## RECORDS FOR THIS EXERCISE
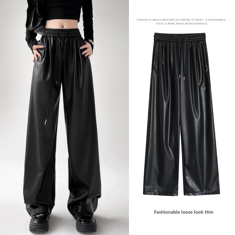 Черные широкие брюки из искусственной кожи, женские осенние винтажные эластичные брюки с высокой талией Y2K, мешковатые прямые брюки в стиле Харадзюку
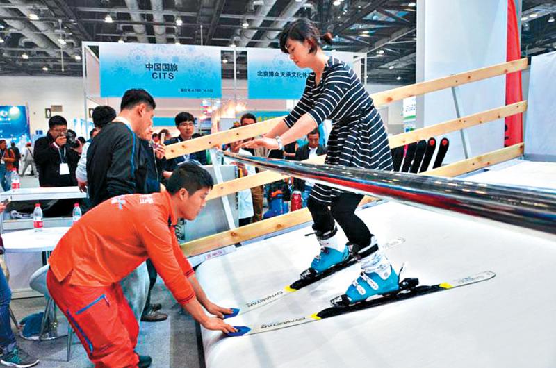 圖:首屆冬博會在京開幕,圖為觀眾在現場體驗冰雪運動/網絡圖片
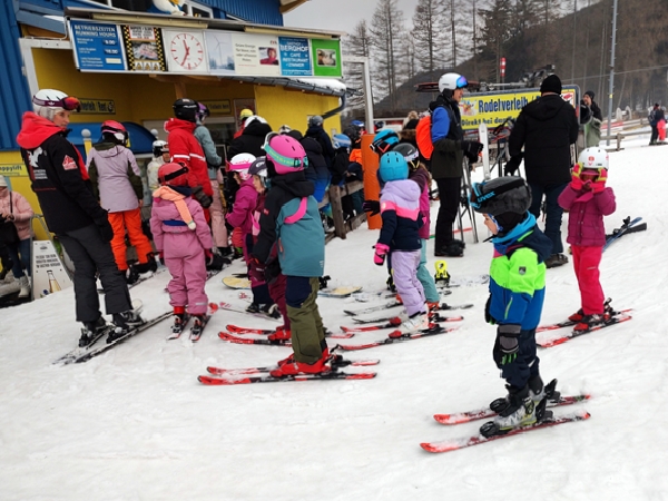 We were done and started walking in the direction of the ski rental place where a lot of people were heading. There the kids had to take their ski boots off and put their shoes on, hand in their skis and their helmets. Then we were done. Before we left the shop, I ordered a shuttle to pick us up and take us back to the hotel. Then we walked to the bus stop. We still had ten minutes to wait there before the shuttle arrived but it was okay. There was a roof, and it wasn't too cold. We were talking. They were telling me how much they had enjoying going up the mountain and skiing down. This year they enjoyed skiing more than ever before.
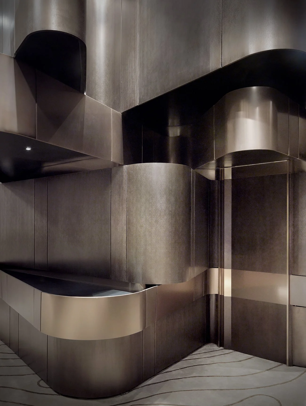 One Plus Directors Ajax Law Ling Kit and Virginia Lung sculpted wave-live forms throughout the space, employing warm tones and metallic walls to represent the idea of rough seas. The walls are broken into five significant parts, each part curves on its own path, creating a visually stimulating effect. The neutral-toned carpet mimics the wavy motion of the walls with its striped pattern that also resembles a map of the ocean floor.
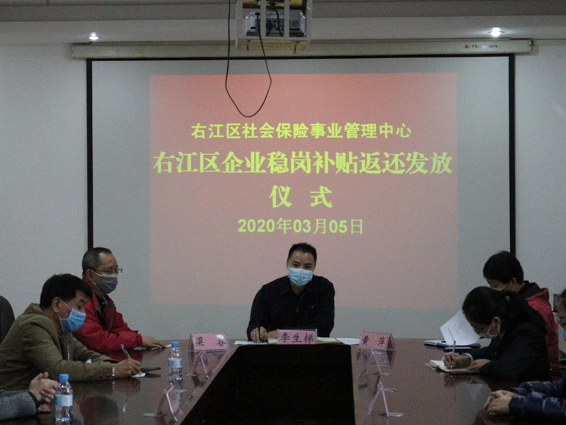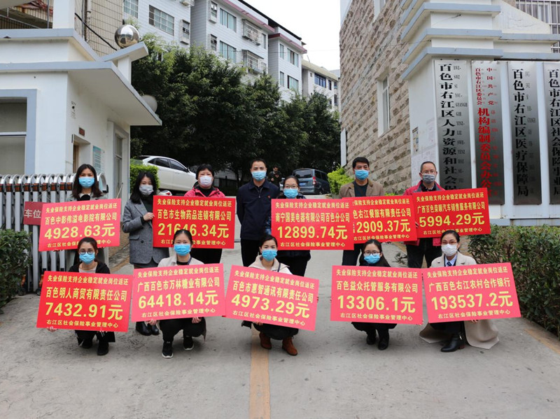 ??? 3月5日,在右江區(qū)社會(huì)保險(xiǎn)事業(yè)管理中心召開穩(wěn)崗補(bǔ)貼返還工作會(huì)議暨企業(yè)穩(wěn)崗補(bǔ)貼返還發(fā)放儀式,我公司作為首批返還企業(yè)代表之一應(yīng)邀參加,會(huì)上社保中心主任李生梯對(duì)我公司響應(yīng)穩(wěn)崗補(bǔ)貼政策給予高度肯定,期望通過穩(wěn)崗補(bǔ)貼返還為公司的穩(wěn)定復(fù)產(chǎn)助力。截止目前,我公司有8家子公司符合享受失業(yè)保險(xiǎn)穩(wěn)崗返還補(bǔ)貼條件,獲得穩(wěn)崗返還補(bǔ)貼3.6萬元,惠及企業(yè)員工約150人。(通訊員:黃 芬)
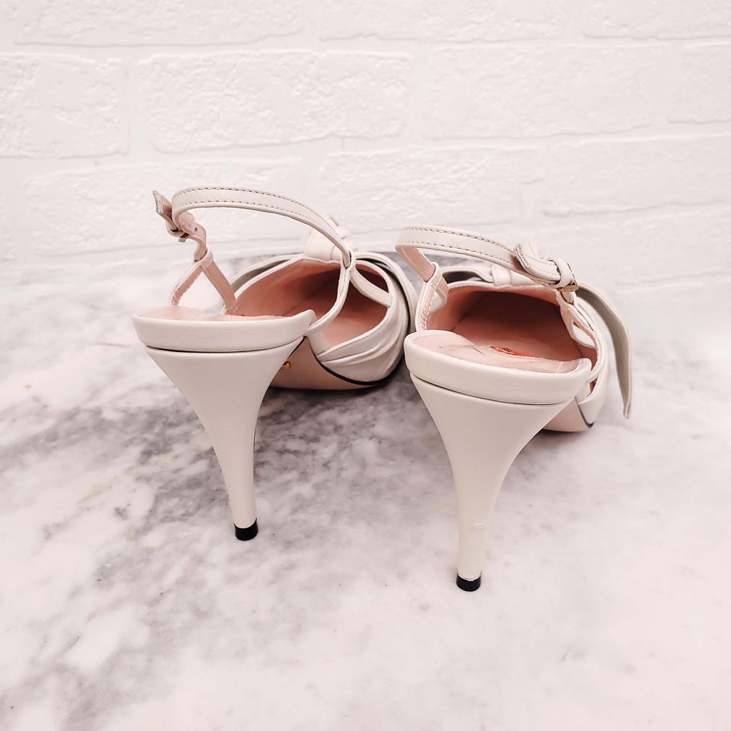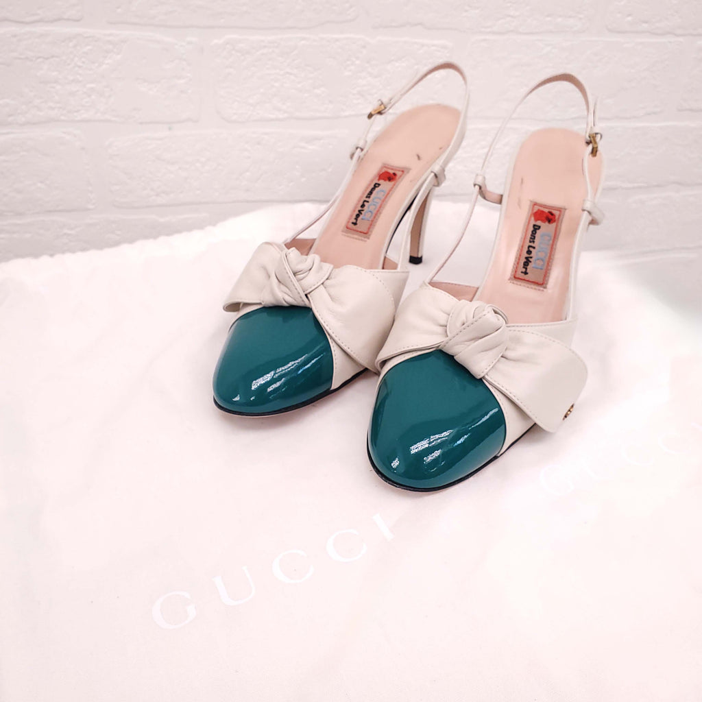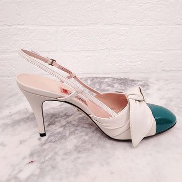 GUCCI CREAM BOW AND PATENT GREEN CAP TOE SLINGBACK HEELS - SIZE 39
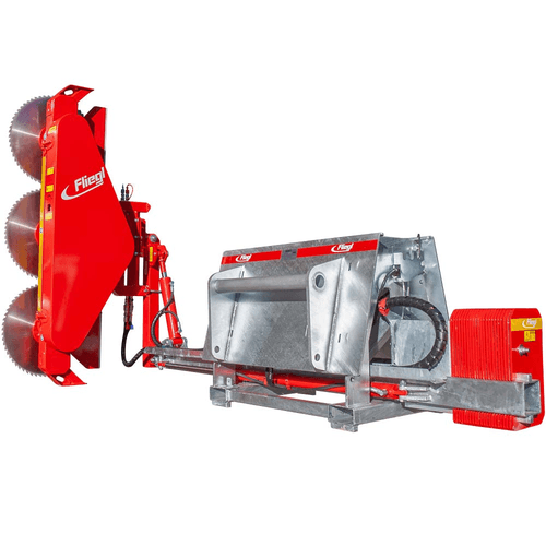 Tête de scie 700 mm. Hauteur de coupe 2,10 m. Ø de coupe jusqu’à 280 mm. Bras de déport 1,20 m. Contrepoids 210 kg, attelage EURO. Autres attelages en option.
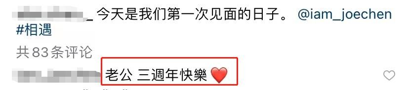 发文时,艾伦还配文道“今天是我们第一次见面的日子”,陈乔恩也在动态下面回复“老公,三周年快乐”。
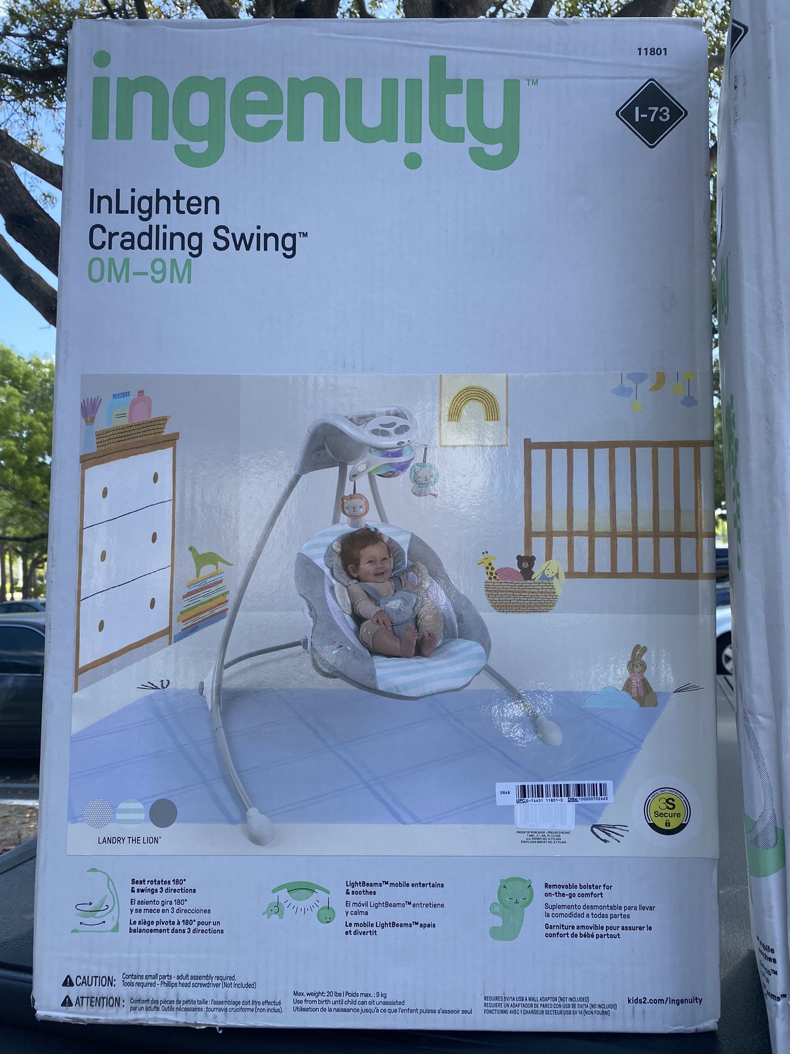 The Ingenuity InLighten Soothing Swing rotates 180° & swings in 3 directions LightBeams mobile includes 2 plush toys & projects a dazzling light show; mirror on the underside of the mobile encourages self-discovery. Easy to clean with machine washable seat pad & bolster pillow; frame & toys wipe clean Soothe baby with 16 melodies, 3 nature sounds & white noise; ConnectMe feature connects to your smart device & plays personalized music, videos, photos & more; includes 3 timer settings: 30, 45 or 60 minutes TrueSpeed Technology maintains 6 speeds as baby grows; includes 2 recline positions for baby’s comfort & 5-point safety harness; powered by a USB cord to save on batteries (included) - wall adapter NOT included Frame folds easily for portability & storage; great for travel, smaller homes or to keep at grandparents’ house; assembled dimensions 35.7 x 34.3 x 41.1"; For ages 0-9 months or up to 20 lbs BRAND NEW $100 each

## YOUR OBJECTIVE
Return the material from the line containing "We were done and" through the line containing "One Plus Directors", exactly and in full, but without its pictures.

## EXERCISE RESULT
 We were done and started walking in the direction of the ski rental place where a lot of people were heading. There the kids had to take their ski boots off and put their shoes on, hand in their skis and their helmets. Then we were done. Before we left the shop, I ordered a shuttle to pick us up and take us back to the hotel. Then we walked to the bus stop. We still had ten minutes to wait there before the shuttle arrived but it was okay. There was a roof, and it wasn't too cold. We were talking. They were telling me how much they had enjoying going up the mountain and skiing down. This year they enjoyed skiing more than ever before.
 One Plus Directors Ajax Law Ling Kit and Virginia Lung sculpted wave-live forms throughout the space, employing warm tones and metallic walls to represent the idea of rough seas. The walls are broken into five significant parts, each part curves on its own path, creating a visually stimulating effect. The neutral-toned carpet mimics the wavy motion of the walls with its striped pattern that also resembles a map of the ocean floor.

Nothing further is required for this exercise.